The United States' inflation rate has reached an all-time high. The US stock market has begun to show signs of slowing, potentially driving the economy into recession and even stagflation. Since the 1970s, the United States has never experienced stagflation. A sluggish economy with rising prices and few or no job opportunities is referred to as stagflation.
Both Main Street and Wall Street have a gloomy vibe about them. The Federal Reserve raised the federal funds rate for the third time this year to combat the country's record-high inflation. Inflation surged 1% higher due to the steepest increase in inflation rates in 28 years, resulting in the highest inflation rate of 8.5 percent in four decades.
Furthermore, in its June report, the World Bank warned that the economy could see delayed growth, creating financial instability.
So will The US encounter any recession in the future?
The chief economist and The Wall Street Bulls are receiving a plethora of muddled and contradictory messages.
So, what circumstances could push the United States into a recession?
Let's take a look at some of the elements at play.
1. Russia-Ukraine Conflict
The confrontation between Russia and Ukraine has had an enormous impact not just on the US economy, but also on the world economy. The cost of energy has risen significantly. Oil prices have surged to $105 per barrel for the first time since 2014. Increased energy costs accumulate in a customer's daily life, causing inflation to rise to a new level. Those added expenses might be a drag on the economic growth and might further play an important role in increasing the inflation rate by 0.2% or 0.6%.
2. No more smooth flow of money
When the pandemic broke out, all governments started increasing the flow of money and flooded the market with freshly printed money. The stock market had risen to its all-time high. But as the pandemic moved to its final stages, the US Fed began to withdraw all the inflated funds.
3. Trade and Supply chain
Even though Russia and Ukraine account for a minor percentage of US imports, the US, unlike its European partners, is a big natural gas exporter and should keep its pricing control in check.
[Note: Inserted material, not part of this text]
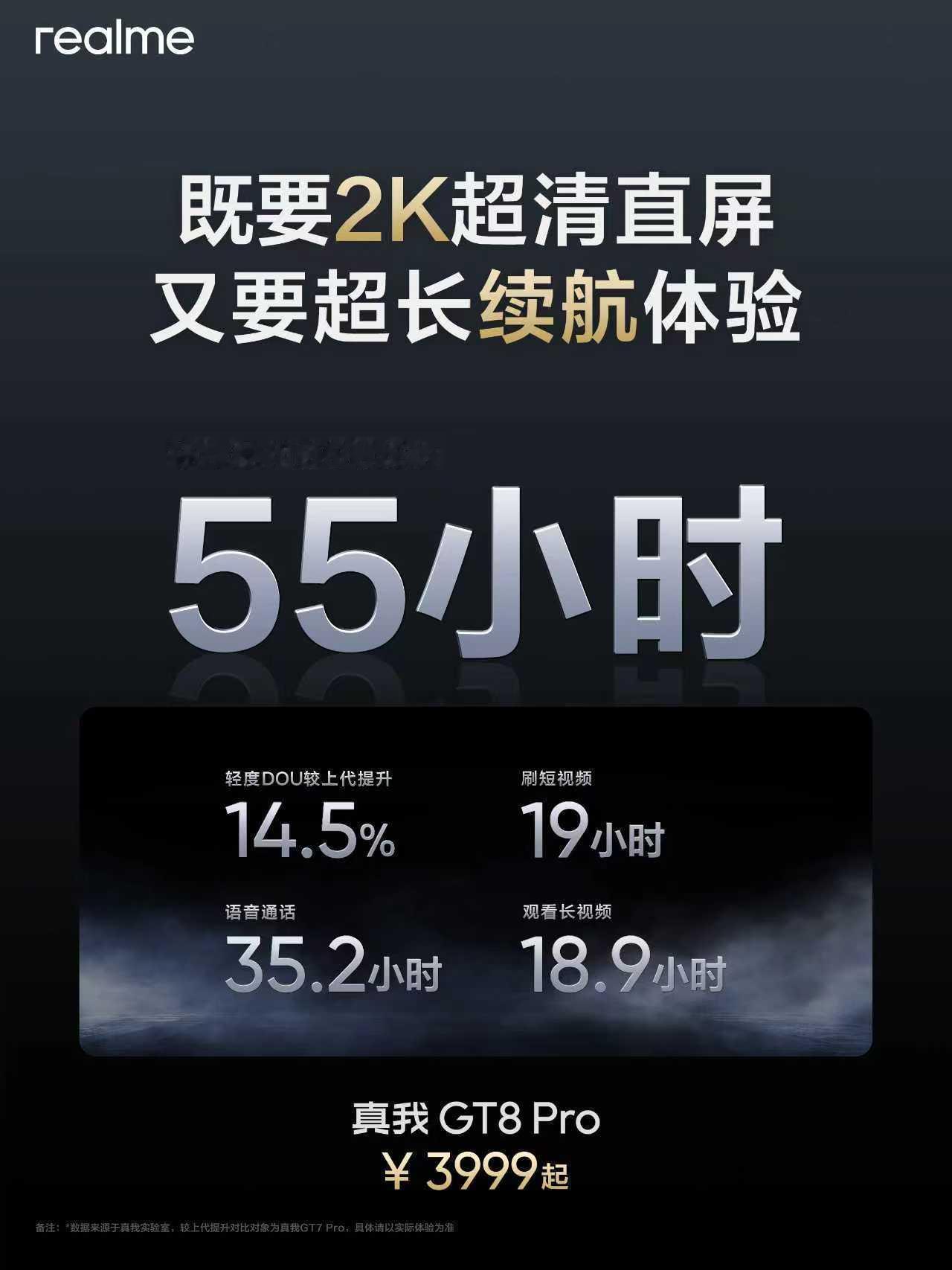 真我GT8Pro轻度使用DOU长达55小时,即便不间断刷短视频也能用满19小时

The rapid rise in the prices of everything, from food to automobiles, has already put a strain on the American consumer. Any further escalation in the Russian-Ukraine conflict could result in an increase in inflation rates, which could lead to a recession.
Economists' views on the inflation
Carl Weinberg of High-Frequency Economics believes Russia will move to Ukraine to put the economy of Europe and possibly the United States on "wartime footing," resulting in a shortage of products and an increase in the price cycle. He also suggested that Russia will attempt a cyber-attack on the US or European transactional models to counter the sanctions placed on it.
Goldman Sach's chairman Lloyd Blankfein addressed the rising inflation and stated that the rising interest rate and market fluctuations are all indicators of high risk and consumers should be prepared to face all the consequences. However, he also commented that the Federal Reserve has some powerful tools and thinks the recession can be stopped.
The likelihood of a US recession in the coming year has been progressively increasing, according to a recent Bloomberg poll study, making it impossible to track. To give it some numbers, Given the unanticipated occurrences that take place throughout that year, a U.S. recession is normally 15% in that year.
Although Andrew Hunter, a senior economist at Capital Economics, indicated that the Fed has no plans to raise interest rates for three years, this is based on the assumption that the strongest economic growth will have no inflation pressure, which they believe is incorrect.
Nomura economists Aichi Amemiya and Robert Dent state that “With rapidly slowing growth momentum and a Fed committed to restoring price stability, we believe a mild recession starting in the fourth quarter of 2022 is now more likely than not,”
Despite the fact that the Federal Reserve is unconcerned about the impending recession, to keep inflation under control, the Federal Reserve would raise interest rates and make asset performance adjustments, all while relying on robust policy guidance.
However, it will lower the country's growth costs.
Jay Powell, the Fed chair, has stated that to control the inflation the central bank may cause some pain, leading to a softish landing that sees an increase in the unemployment rate by some amount.
President Joe Biden’s view
Amid rising inflation and economic volatility, the President of the United States addressed the American people's worries, stating that the American people are depressed after two years of continuous struggles with the epidemic and economic volatility. He also discussed the issues that families were having because of the rising cost of gasoline.
He informed the people that America is better prepared than any other nation on the earth to handle growing inflation after listening to all of the economist's worries and cautions.